Note that the phrases are the English numbers: 0-9.

Note that the sample rates are from 100 - 400 in 20 [unit] increments.

This shows that there are 2400 different audio files to train over. The files are in the following format in the directory:

NumberSpoken_PersonSpeaking_SampleRate.wav   

Walkthrough of Script

Essentially, assuming the data is already downloaded, the script does the following:

  1. Creates an array of the different speakers in speakers, where the length of this array is the number of classes used for training.

  2. Divides the training data set into different batches using batch=data.wave_batch_generator(batch_size=1000,source=WORD_WAVs,target=data.Target.speaker)

    This function does a few things.

    First, the Target of the script tells the function what the target of the parent script is: either speaker classification or digit classification. In our current case: target=speaker.

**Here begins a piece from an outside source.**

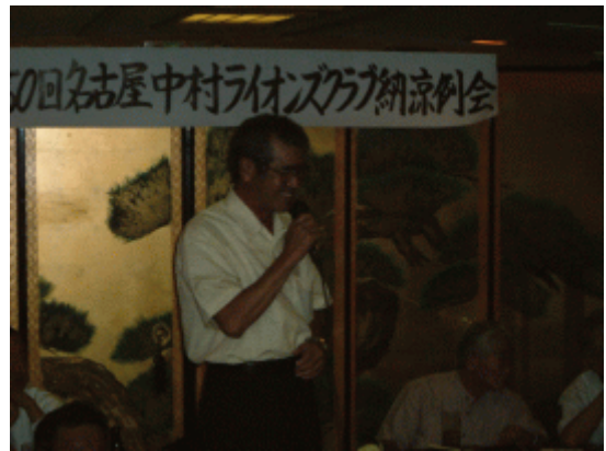
L日置 男の歌は日本一

    Next, the function shuffles the dataset and then creates different chunks of wav files that are used to fill the batches until the size is equal to batch_size.

    The source variable is used to download the data if it is not already present in the folder.

    The output of the function is a collection of wav file batches and their associated labels. These are put into the variables X and Y, respectively.

  3. The actual deep learning is done using TFLearn. This is found at the following link: http://tflearn.org/. Once the graph is iniatiated using tflearn.init_graph(), it can then be defined. The following is the network description used in this script:

    net = tflearn.input_data(shape=[None, 8192]) #Two wave chunks --> each wave at size 4096
    net = tflearn.fully_connected(net, 64)
    net = tflearn.dropout(net, 0.5)
    net = tflearn.fully_connected(net, number_classes, activation='softmax')
    net = tflearn.regression(net, optimizer='adam', loss='categorical_crossentropy')

    As can be seen, the data is first input into the first fully connected layer and then into the dropout and the second fully connected layer. Note that the second fully connected layer is the first to connect to the accuracy and cross entropy steps. This is because the second fully connected layer feeds directly into a regression that uses cross entropy.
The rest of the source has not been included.